It’s me!

No, not really. Good gravy. But I frequently am the recipient of students who bring with them some seriously low expectations and occasionally, horror stories. Yesterday, I offered a few tips to help get the most out of  lessons. Today, here are some things you should be able to expect from your teacher in the private lesson experience.

1. A private teacher should write down assignments and technical tips for you.

A teacher should not ask you to take your own notes. Of course, you can go back and write things down, rephrase things more clearly, etc. But if I mention something that has real stick to it, my students are free to say, “Ooh! Write that down!” It’s better to keep the flow of playing going than change between pencil and bow to scrawl a half page of notes. Also, a teacher should write out expected assignments and things to concentrate on in each of them.

An example:

B major Galamian scale, 2, 3, 4, 6, 8 to a bow. Metronome @76, careful during extensions, make sure you’re shifting on the old finger, esp on low strings. Not breathing? lower the metronome speed until you can.


Don Juan excerpt, first page. Work from the end, by rule of 5s, first at 1/4 speed, then 1/2 speed, then at full speed with a metronome. If you make a mistake, go back to 1/2 speed 5 more times. Then play the entire first page with 2 recordings (Berlin and Chicago, for example). 

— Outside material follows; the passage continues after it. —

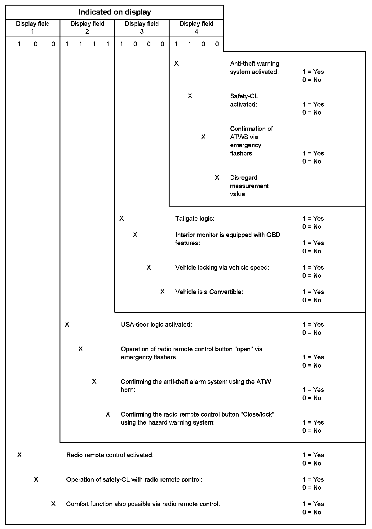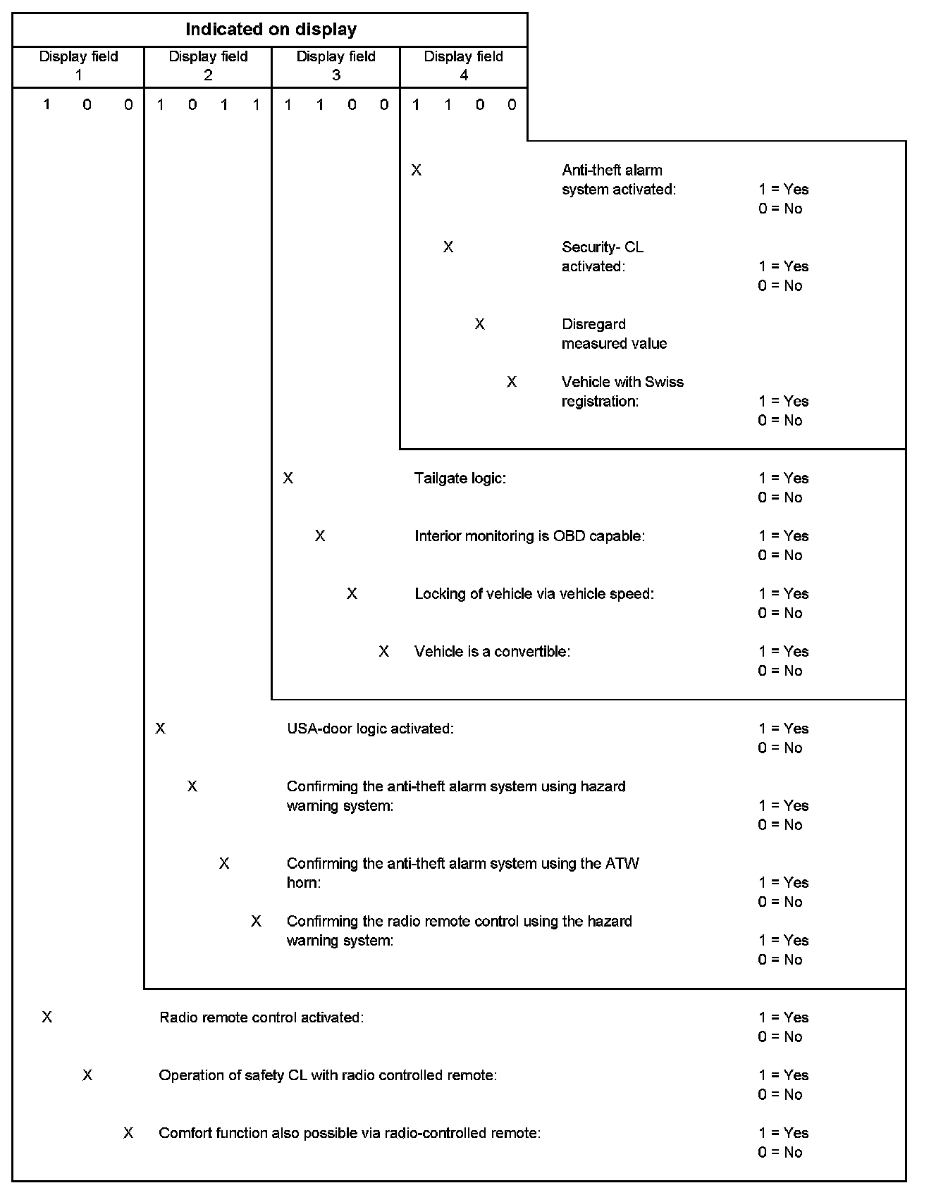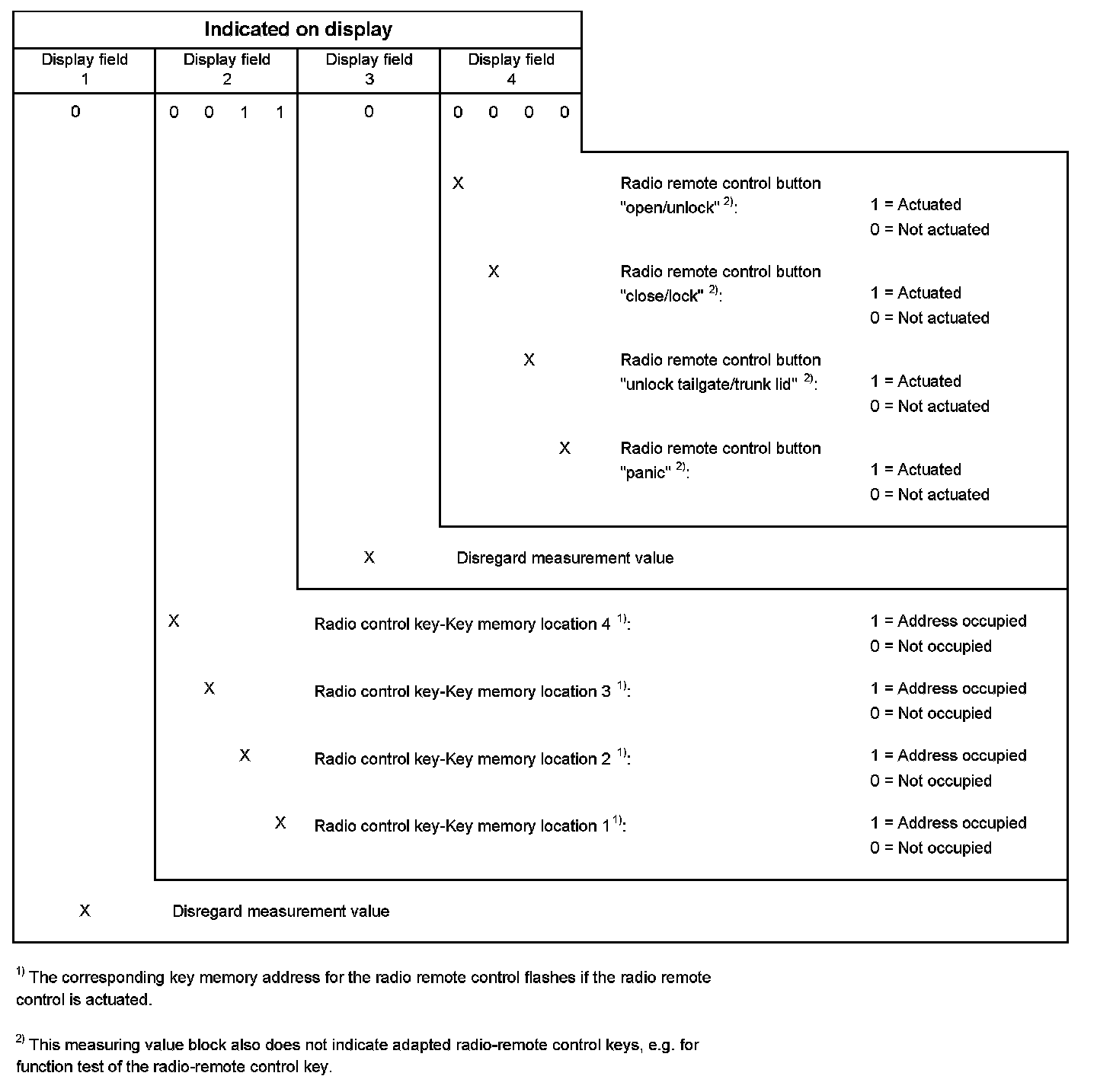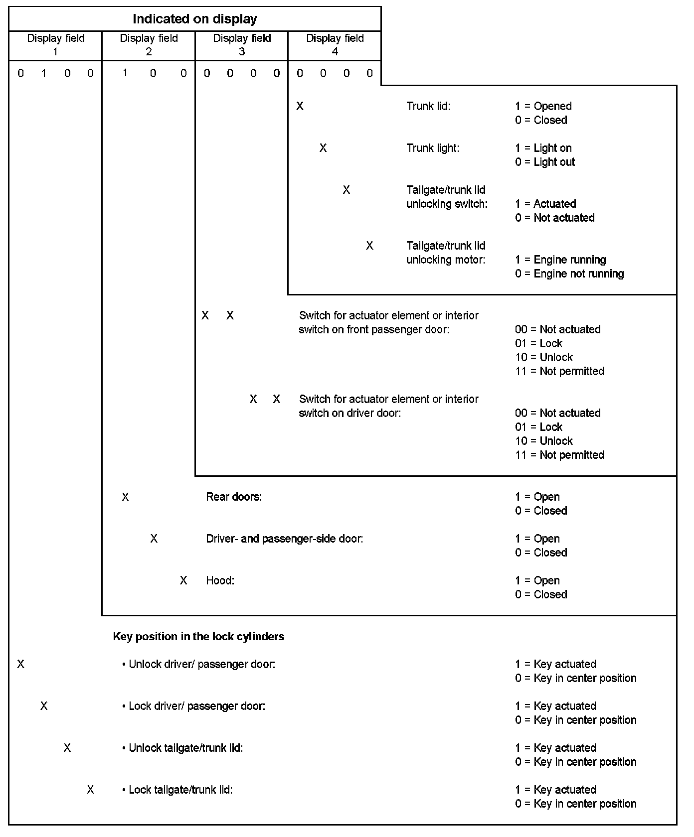 The current central locking system status can be ascertained using the "Read Measuring Value Block" function.

Shostakovich Concerto: work all shifts before taking passes at phrases. Play what’s on the page, not what you think is on the page. Feel shifts coming from arm, feel the thumb “tripod” your fingers, work to strengthen 4th finger, maybe look back at Cossman? 

2. Be relentless. Mostly.

Lessons are for implementing changes to improve your playing and approach. One mention is not enough to get the job done. If it’s worth changing, it’s worth hammering home. A teacher should describe, then demonstrate, then ask you to demonstrate, then ask you to describe the change and the reasoning behind it. Later in the lesson, it’s also good to reframe the new technique in a different context. Let’s say we’re trying to get a more uniform vibrato in lyrical passages of a sonata. I’ll then ask for a scale, long and slow, and see if the student has physically internalized the technique as something to broadly apply across the board. Hammer, hammer, hammer. Until you see the light go out of the student’s eyes. Then give it a rest, go on to something else. At the very end of the lesson, one more tap with the hammer to see if they can muster the new technique with a smile. I have been known to make up songs to remind students of fundamental techniques that also serve to ventilate the intensity of the lesson. My favorite is something of a gospel refrain: “Who sounds good on the fingerboard? No-one! No-one!” 

Yes, I am a dork. But it works.

3. Don’t phone it in.

Teaching is a job. A difficult one, at times. It’s not just the transfer of information: it’s wisdom osmosis. In a paper that shall surely never see the light of day, I talk about the dearth of wisdom in our over “educated” world. We may be sitting in more classes than ever, but I see few gains in genuine applicable understanding. As a teacher, it’s my responsibility, especially in the relative ease of a one on one (as opposed to a whole classroom) environment, to be completely engaged, and to have engaging, relevant things to say. At the end of a day of teaching, a private instructor should feel both exhausted and exhilarated, just like so many classroom teachers do. One of the ways I do this is constantly pointing back to my own struggles. Since I pretty much struggle at everything, there’s a whole lotta fodder. Not only does it establish a sense of camaraderie with my students, but it also points to the larger, nearly unbelievable truth: that you can actually get good at the cello even though you’re flailing.

So please, teachers, invest in your students. Whether you like it or not, we change lives. It’s up to you whether it’s for better or worse. Given the choice, I try for the former.